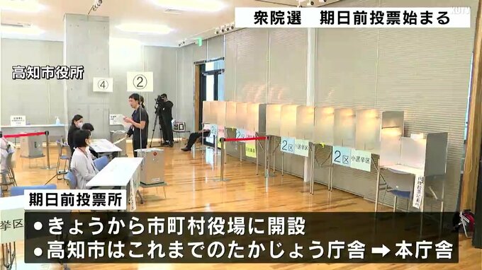 期日前投票所は今後、ショッピングモールや量販店、大学なども含め、高知県内102か所に設けられます。期日前投票は、投開票日前日の10月26日(土)までです。
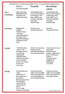 Klicka på bilden för att se den tydligare. Den visar en jämförelse mellan åtgärden FAS 3 och tidigare åtgärderna Plusjobb och Beredskapsjobb.
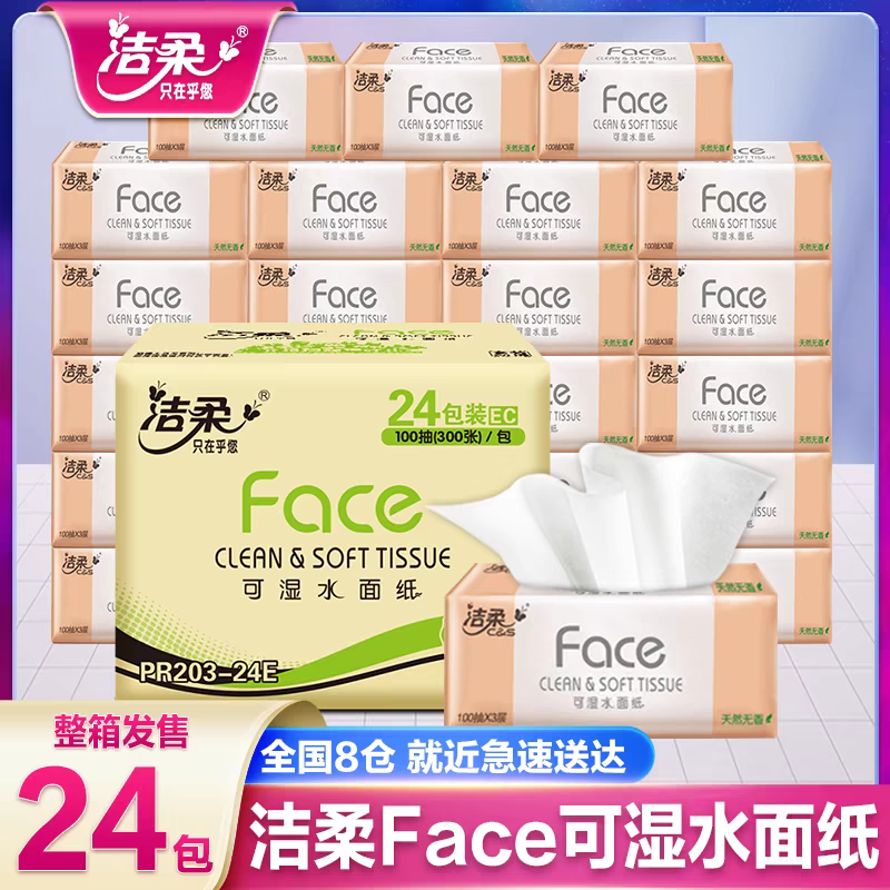 洁柔纸巾抽纸整箱家用实惠装抽取式卫生纸可湿水纸抽餐巾纸面巾纸

Aim of the exercise =>
All of the lines above should be retyped precisely, apart from the pictures.

Task solution =>
 期日前投票所は今後、ショッピングモールや量販店、大学なども含め、高知県内102か所に設けられます。期日前投票は、投開票日前日の10月26日(土)までです。
 Klicka på bilden för att se den tydligare. Den visar en jämförelse mellan åtgärden FAS 3 och tidigare åtgärderna Plusjobb och Beredskapsjobb.
 洁柔纸巾抽纸整箱家用实惠装抽取式卫生纸可湿水纸抽餐巾纸面巾纸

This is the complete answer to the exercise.